July 9th, 2008 · Older Essays

From the front lines of mothering,

“Mom, question.”

My twelve year old, Thomas prefaces his queries this way. He is a logical and practical thinker who prefers to get right to the point with all matters. Especially important ones. I need to do this, where can I find that and what if I were to…I can take this apart right?

I turned away from the computer, “Yes?”

“I can’t find my conviction. Where is my conviction?”

I pushed my chair back and turned 90 degrees. He is a spunky and determined kid. Proud to ride his bike for miles, do small repairs around the house, ring lead with his buddies to go fishing. He knows he wants to work with his hands. He has a strong conversational style and is relentlessly creative.

My puzzled look confused him so he repeated the question.

“My conviction, where is it? I can’t find it!”

“How can you lose your conviction?”

“I don’t know. I lost it, where is it, have you seen it? I need it.”

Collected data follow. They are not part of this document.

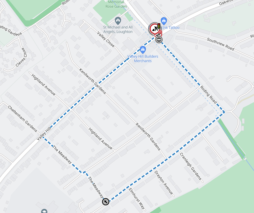 It will also be necessary for a road closure to be in place for the full duration on at the junction to Roding Road. An alternative route is available via Roding Road, Valley Hill, The Meadway, Southern Drive, Avondale Drive and vice versa.
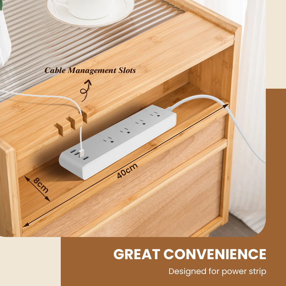 Bamboo Rattan Nightstand with Drawer and Solid Wood Legs-Natural
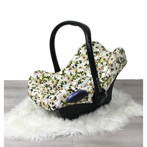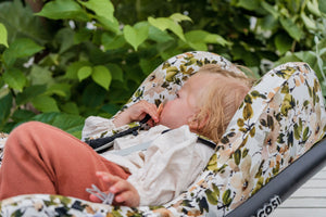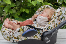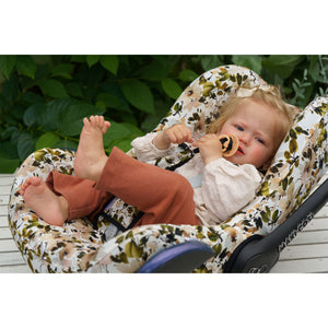 This comfy Wallabiezzz cover, a white background with flower pattern, is designed for Maxi Cosi CabrioFix, Citi, Pebble and many other car seats. This cover breathes and absorbs very well. Its elastic band fits perfectly with the Maxi Cosi.
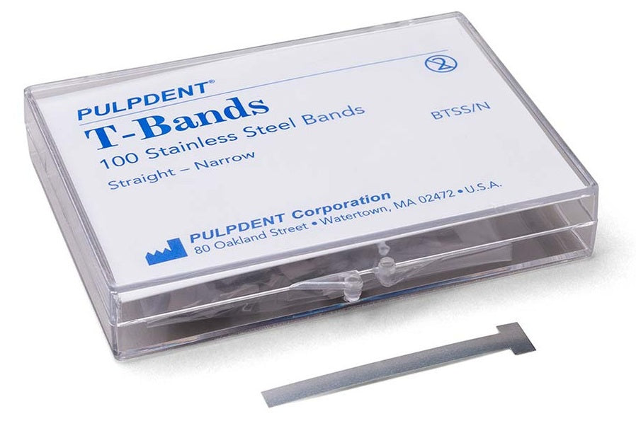 T-Bands are self-contained matrix bands that do not require retainers and will not break or tear when condensing amalgam.

“Seen it, how can I see your conviction?”

“The can Mom, the can of conviction?”

“You have a can of conviction?”

“Of course I have a can of conviction, it’s the best kind you can get, where is it?”

“How do you get a can of conviction?”

“Mom, you buy it at Duane Reade.”

“Conviction? You buy conviction at the drugstore?”

“Well they don’t sell it at the butcher. Where is it?”

“How do you buy conviction, it’s not a thing, do you know what conviction means?”

At this point my younger son Ryan, age nine pipes in, “It means the judge puts you in jail?”

“Ok guys, conviction do you know what the word means?”

“Getting in trouble?”

“No, conviction is when you believe in something so strongly, it can’t be changed.”

“Fine, whatever. But mom I lost my only can of conviction spray. Where is that?”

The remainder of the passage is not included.